* What the exercise asks *
Find the line that contains "Quầy sạp của" in the records below, then repeat exactly that line and each one after it, leaving pictures out.

● ● ● ● ● ● ●

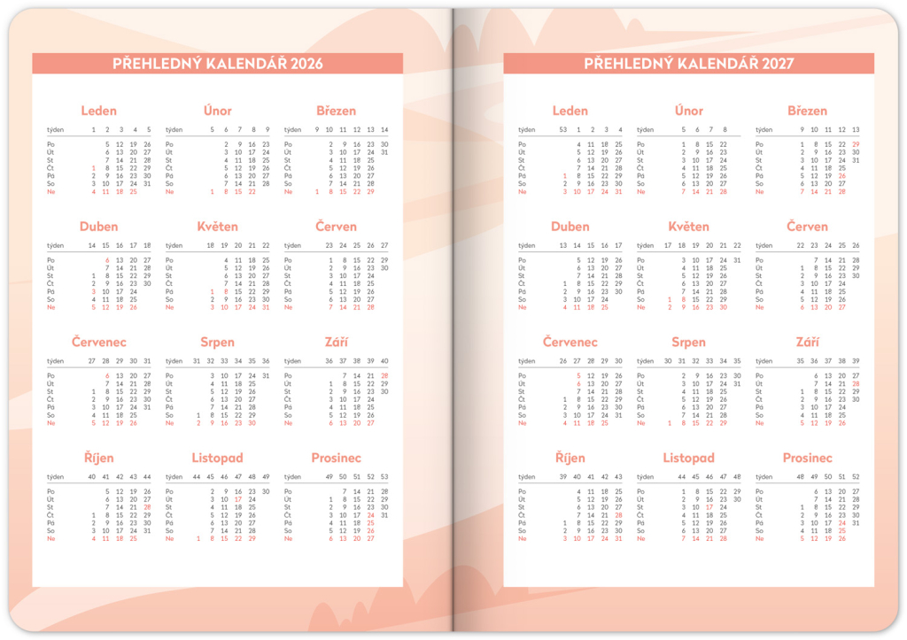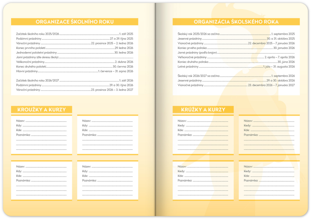 Praktický diář pomůže při plánování aktivit členů rodiny a chodu celé domácnosti. Rozdělen je do týdnů, kde můžete sledovat a do připravených sloupců zapisovat úkoly jednotlivých rodinných příslušníků. Nechybí ani rozvrh hodin pro školáky, nákupní seznamy a prostor pro všechny další důležité poznámky.
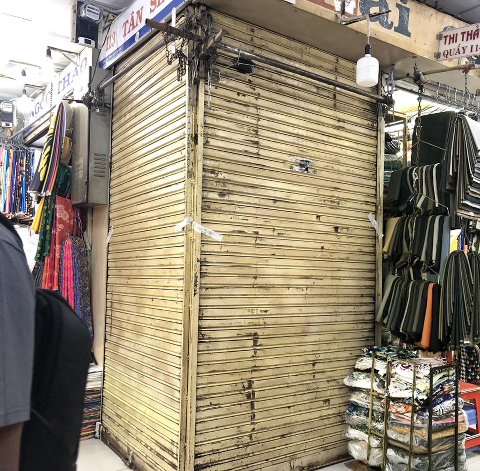 Quầy sạp của bà Sử Thị Ái Oanh bị ban quản lý niêm phong. Ảnh: Ngân Nga
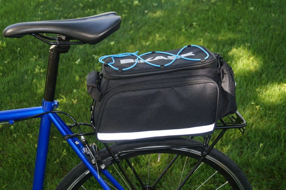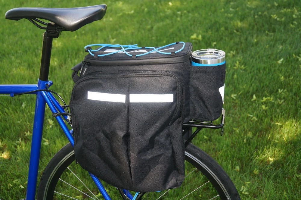 The Big Daddy 2 bike rack bag by BiKASE comes with a large main compartment with a seam-sealed liner, making the internal bag waterproof and drop down panniers on each side, adding extra storage for when needed! The Big Daddy 2 bike rack bag fits on all standard size rear bicycle racks using 4 straps to keep the bag tight and secure!
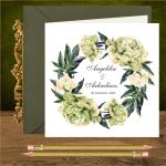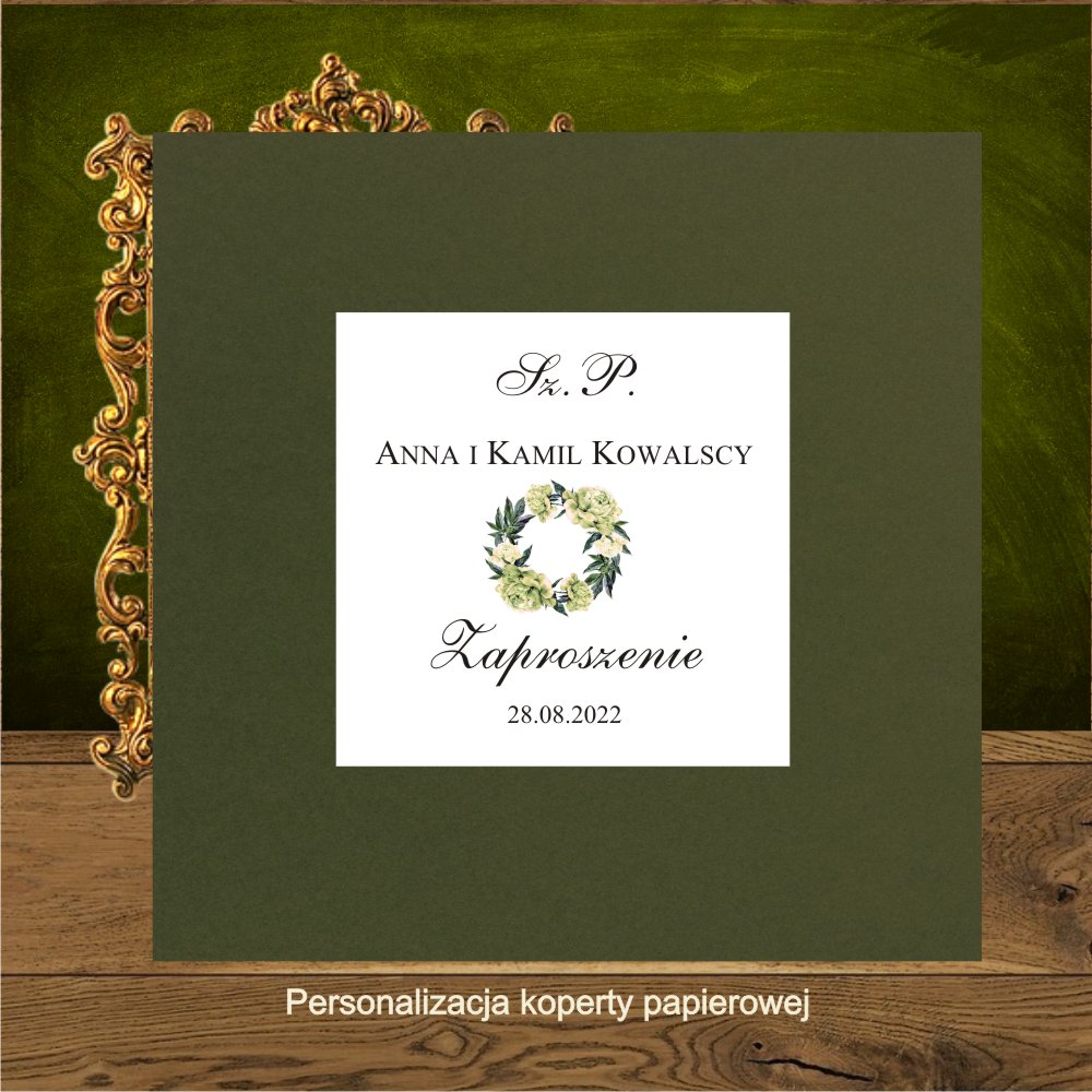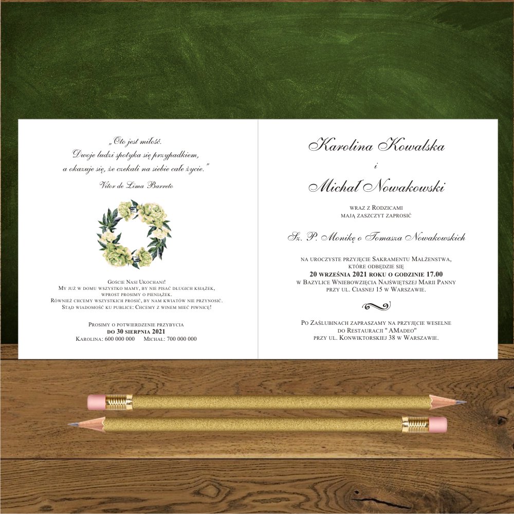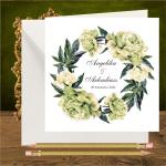 Opis: zaproszenie wykonane z bialego papieru. Na okladce imiona Państwa Młodych, data i grafika z motywem piwonii w kolorze ecru ułożonych w kształt wianka.
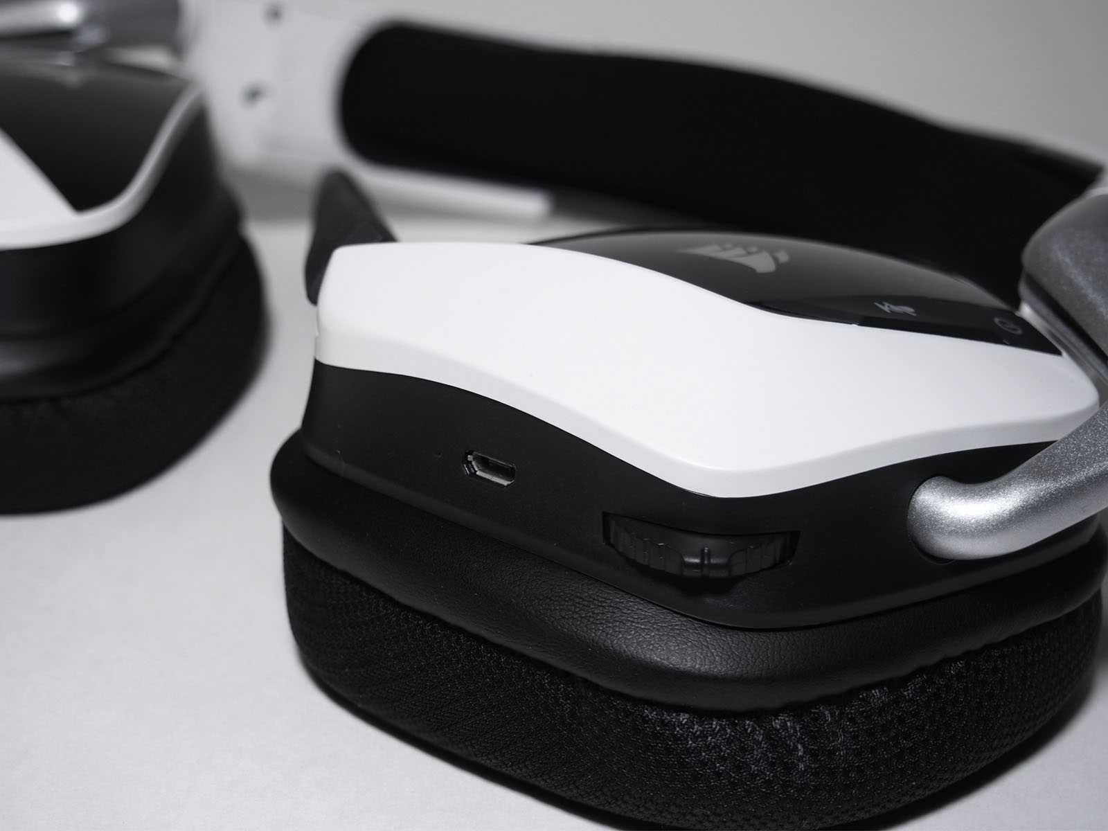 На самой гарнитуре Corsair Virtuoso RGB Wireless совсем немного органов управления: колёсико громкости и переключатель режимов USB-радио-канал. Регулятор громкости поворачивается плавно, неспешно и удобно. Меняется одновременно с системной громкостью, если говорить о Windows. А упомянутый переключатель ещё и выключает наушники.

● ● ● ● ● ● ●

* Expected output *
 Quầy sạp của bà Sử Thị Ái Oanh bị ban quản lý niêm phong. Ảnh: Ngân Nga
 The Big Daddy 2 bike rack bag by BiKASE comes with a large main compartment with a seam-sealed liner, making the internal bag waterproof and drop down panniers on each side, adding extra storage for when needed! The Big Daddy 2 bike rack bag fits on all standard size rear bicycle racks using 4 straps to keep the bag tight and secure!
 Opis: zaproszenie wykonane z bialego papieru. Na okladce imiona Państwa Młodych, data i grafika z motywem piwonii w kolorze ecru ułożonych w kształt wianka.
 На самой гарнитуре Corsair Virtuoso RGB Wireless совсем немного органов управления: колёсико громкости и переключатель режимов USB-радио-канал. Регулятор громкости поворачивается плавно, неспешно и удобно. Меняется одновременно с системной громкостью, если говорить о Windows. А упомянутый переключатель ещё и выключает наушники.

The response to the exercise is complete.